US6983241B2

US6983241B2 - Method and apparatus for performing harmonic noise weighting in digital speech coders

Info

Publication number: US6983241B2
Application number: US10/965,462
Authority: US
Inventors: Udar Mittal; James P. Ashley
Original assignee: Motorola Inc
Current assignee: Google Technology Holdings LLC
Priority date: 2003-10-30
Filing date: 2004-10-14
Publication date: 2006-01-03
Also published as: CA2542137A1; US20050096903A1; WO2005045808A1; CA2542137C; JP2007513364A; CN1875401A; KR20060064694A; JP4820954B2; CN1875401B; KR100718487B1

Abstract

To address the need for choosing values of harmonic noise weighting (HNW) coefficient (ε_p) so that the amount of harmonic noise weighting can be optimized, a method and apparatus for performing harmonic noise weighting in digital speech coders is provided herein. During operation, received speech is analyzed to determine a pitch period. HNW coefficients are then chosen based on the pitch period, and a perceptual noise weighting filter (C(z)) is determined based on the harmonic-noise weighting (HNW) coefficients (ε_p).

Description

CROSS-REFERENCE TO RELATED APPLICATIONS

This application claims the benefit of U.S. Provisional Application No. 60/515,581 filed Oct. 30, 2003, which is herein incorporated by reference.

FIELD OF THE INVENTION

The present invention relates, in general, to signal compression systems and, more particularly, to Code Excited Linear Prediction (CELP)-type speech coding systems.

BACKGROUND OF THE INVENTION

Compression of digital speech and audio signals is well known. Compression is generally required to efficiently transmit signals over a communications channel, or to store compressed signals on a digital media device, such as a solid-state memory device or computer hard disk. Although there exist many compression (or “coding”) techniques, one method that has remained very popular for digital speech coding is known as Code Excited Linear Prediction (CELP), which is one of a family of “analysis-by-synthesis” coding algorithms. Analysis-by-synthesis generally refers to a coding process by which parameters of a digital model are used to synthesize a set of candidate signals that are compared to an input signal and analyzed for distortion. The set of parameters that yield the lowest distortion, or error component, is then either transmitted or stored. The set of parameters are eventually used to reconstruct an estimate of the original input signal. CELP is a particular analysis-by-synthesis method that uses one or more excitation codebooks that essentially comprise sets of code-vectors that are retrieved from the codebook in response to a codebook index. These code-vectors are used as stimuli to the speech synthesizer in a “trial and error” process in which an error criterion is evaluated for each of the candidate code-vectors, and the candidates resulting in the lowest error are selected.

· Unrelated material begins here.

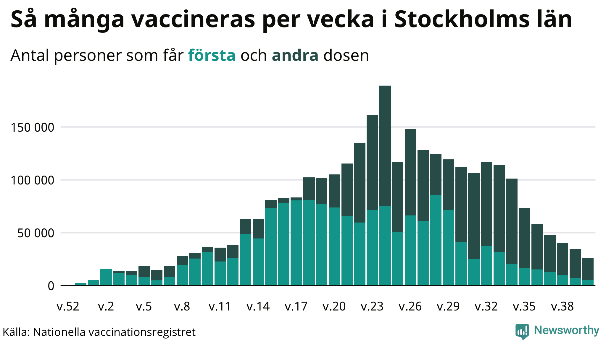 Förra veckan delades totalt 26 225 vaccindoser ut i Stockholms län (veckostatistiken finns än så länge bara på regionnivå). Det är färre än veckan innan (−8 333 personer). Följande bild visar utvecklingen vecka för vecka.
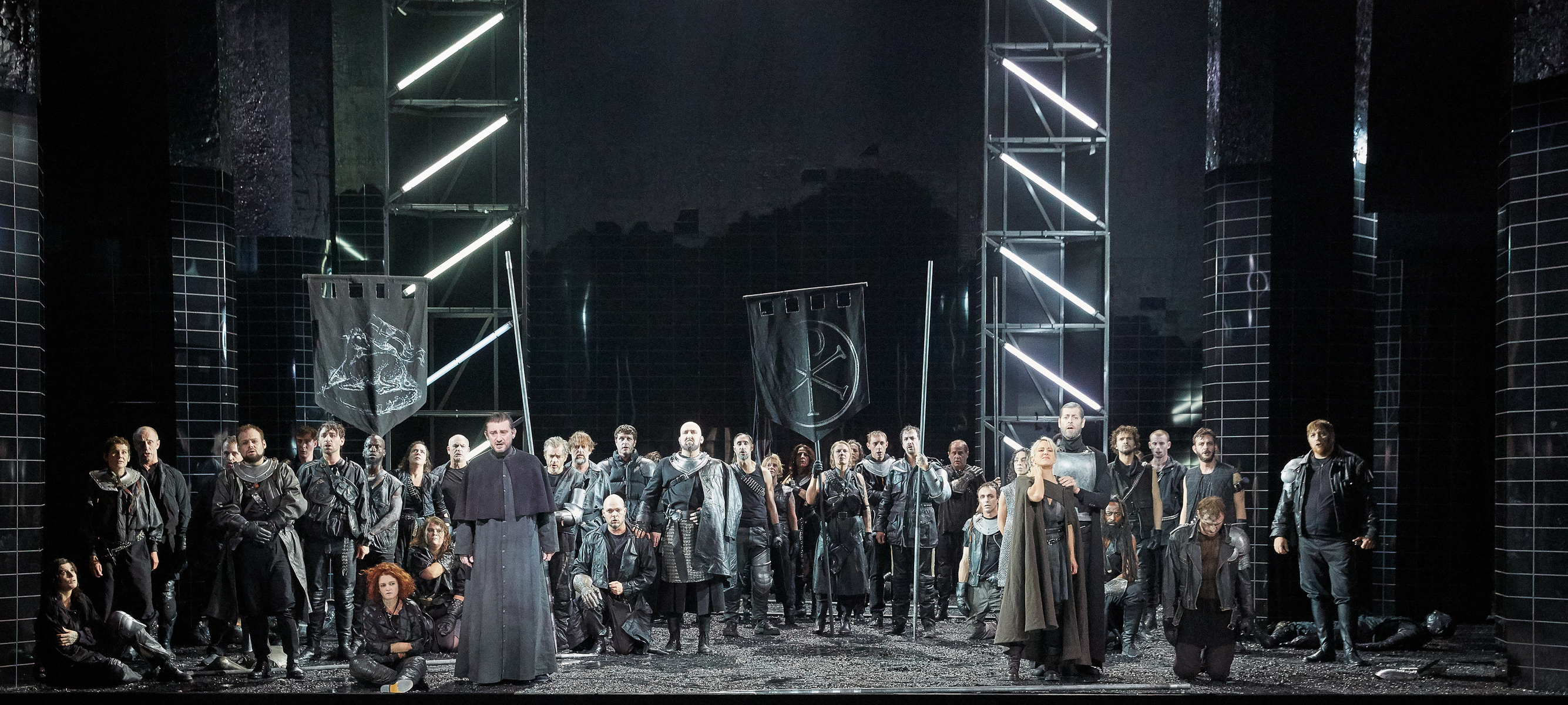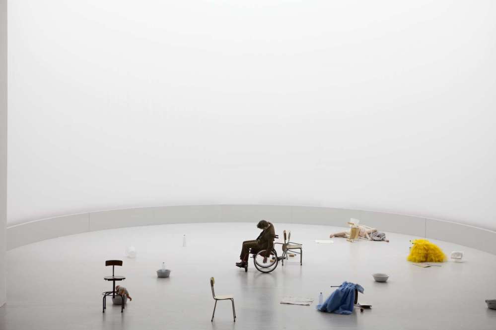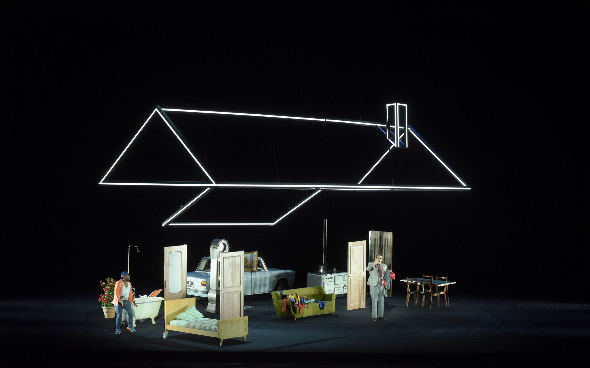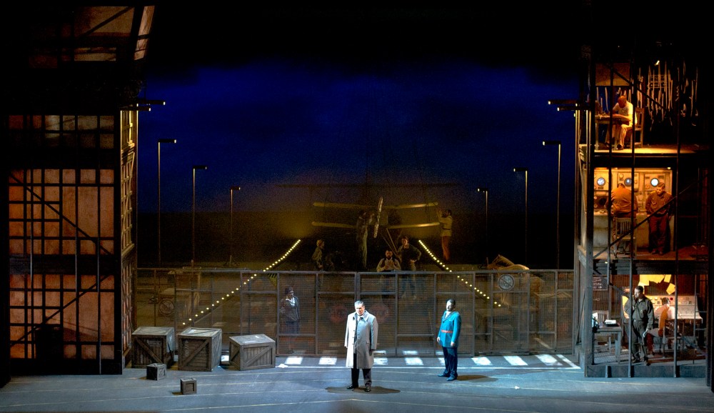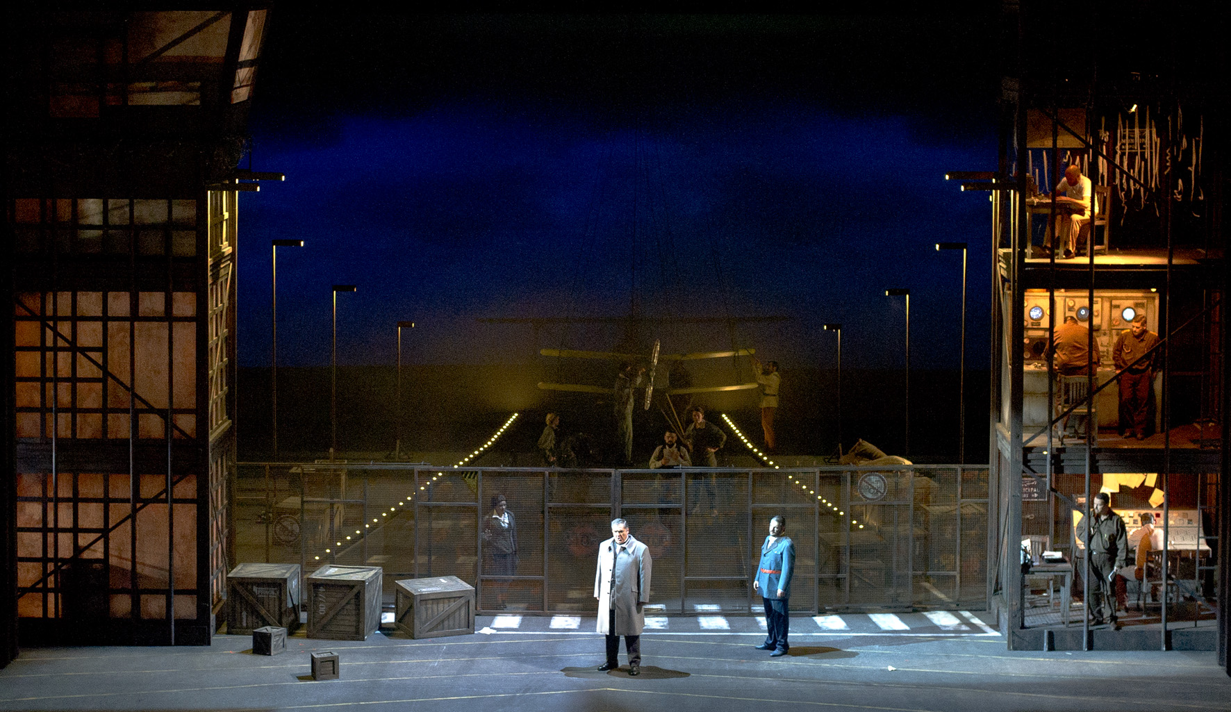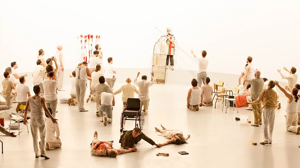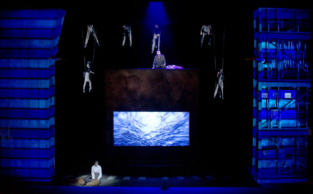 Le stesse strutture laterali erano state utilizzate per il Volo di Notte, qui collegate da una rete che separa il pubblico dagli ufficiali della base aerea immersa nella notte. Allievo di Umberto Eco, il regista polacco vede il lavoro come un’“opera aperta” che deve correlarsi alla storia dell’Argentina.

For example, FIG. 1 is a block diagram of prior-art CELP encoder 100. In CELP encoder 100, an input signal comprising speech sample n (s(n)) is applied to a Linear Predictive Coding (LPC) analysis block 101, where linear predictive coding is used to estimate a short-term spectral envelope. The resulting spectral parameters (or LP parameters) are denoted by the transfer function A(z). The spectral parameters are applied to LPC Quantization block 102 that quantizes the spectral parameters to produce quantized spectral parameters A_qthat are suitable for use in a multiplexer 108. The quantized spectral parameters A_qare then conveyed to multiplexer 108, and the multiplexer produces a coded bit stream based on the quantized spectral parameters and a set of parameters, τ, β, k, and γ, that are determined by a squared error minimization/parameter quantization block 107. As one of ordinary skill in the art will recognize, τ, β, k, and γ are defined as the closed loop pitch delay, adaptive codebook gain, fixed codebook vector index, and fixed codebook gain, respectively.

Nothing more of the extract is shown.